Argentiniens Nationaltrainer Alejandro Sabella: ein bisschen wie Berti Vogts

Rio de Janeiro · Um einem Deutschen Alejandro Sabella vorzustellen, bemüht man wohl am besten den Vergleich zu einem ehemaligen Bundestrainer. Denn der Nationalcoach von Superstar Lionel Messi und Endspiel-Kontrahent von Joachim Löw ist so etwas wie der argentinische Berti Vogts.

 Alejandro Sabella muss in Argentinien um Anerkennung kämpfen.

Alejandro Sabella muss in Argentinien um Anerkennung kämpfen.

Foto: afp, Desk

Beide sind klein und hatten schon als Spieler eine hohe Stirn. Beide sind ausgezeichnete Fachleute, die aber immer um Anerkennung ringen müssen, weil sie oft unterschätzt oder gar nicht ernst genommen werden. Beide reden leise, versprühen wenig Autorität, wurden aber von den Großen ihres Landes stets gestützt und gefördert - und beide sind erfolgreich.

Sabella ist 59 und erst seit fünf Jahren Chefcoach. In seiner ersten Saison gewann er mit Estudiantes de la Plata 2009 gleich die Copa Libertadores, das Gegenstück zur europäischen Champions League. Und als Nationaltrainer führte er Argentinien nun erstmals seit 1990 ins Endspiel. Vogts hatte bei der EM 1996 den bis heute letzten Titel mit der deutschen Nationalmannschaft gewonnen.

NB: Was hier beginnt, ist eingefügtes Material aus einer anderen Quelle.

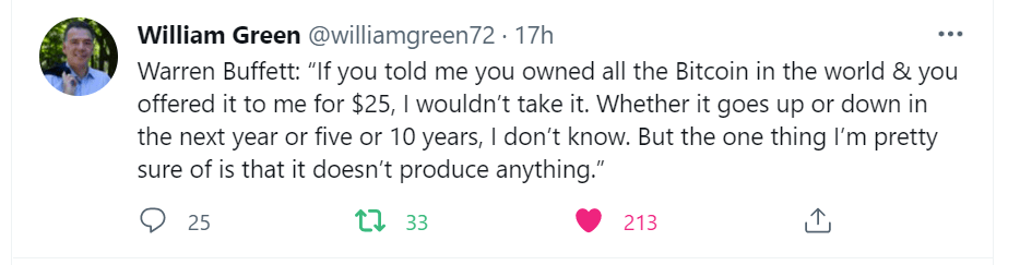 Warren: I shouldn’t answer this question but I will. I don’t want to step on your windpipe, but… IF people here owned all of the farmland in the U.S. and together they offered a 1% interest in the land for $25 billion. Or, you could own 1% of the apartment houses in the country and you offered that up for sale. You could write a cheque. Very simple. Now, if you offered me all of the Bitcoin in the world for $25, I would sell it back to you. I wouldn’t know what to do with it. It explains the difference between productive assets and speculative assets that are simply reliant upon a willingness of others to pay you for it.

Das Verhältnis zu den Medien ist beidseitig keine Liebesbeziehung. "Wenn du nicht selbstkritisch bist, sagen alle, du seist stur. Und wenn du selbstkritisch bist, sagen sie, du seist schwach", sagte Sabella zuletzt. Auch das erinnerte extrem an das Vogts-Bonmot: "Wenn ich übers Wasser laufe, dann sagen meine Kritiker: Nicht mal schwimmen kann er..." Als er über seinen Erfolg bei diesem Turnier reden sollte, sagte Sabella schnippig und offenbar beleidigt: "Ich spreche nie über meinen Verdienst. Wenn ich denn überhaupt einen habe."

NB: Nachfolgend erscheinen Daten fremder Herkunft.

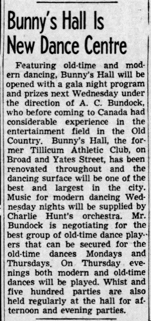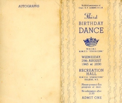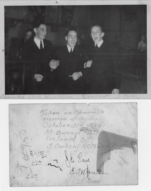 (JL11) Depth charge exploding - ship unknown (JL12-JL13) Program for the W.R.C.N.S. Third Birthday Dance, HMCS Stadacona, Wed, 29 Aug 1945 (JL14) “Taken on Memorable Ocassion (sic) of Payday October 31st 1939 at Bunny’s Hall Victoria BC 3 Cooks of RCN on a bender.” signed JE Lowe, EA Morrison, N. Symonds (JL15) Newspaper article on Bunny's Dance Hall - the former Tillicum Athletic Club, Victoria, BC

Und während Vogts als Spieler zunächst ein Lieblings-Schüler von Helmut Schön beim WM-Triumph war und später von Teamchef Franz Beckenbauer als Assistent und auserkorener Nachfolger zur Nationalmannschaft zurückgeholt wurde, vereint auch Sabella Einflüsse der größten Argentinier: Carlos Bilardo, Coach beim WM-Triumph 1986, war sein größter Förderer und ist noch in Brasilien als Sportdirektor an seiner Seite. Unter dem zweimaligen Weltmeister Daniel Passarella war er 18 Jahre treuer Assistent, unter anderem bei der argentinischen und uruguayischen Nationalmannschaft, dem FC Parma und den südamerikanischen Großklubs River Plate aus Buenos Aires und Corinthians Sao Paulo.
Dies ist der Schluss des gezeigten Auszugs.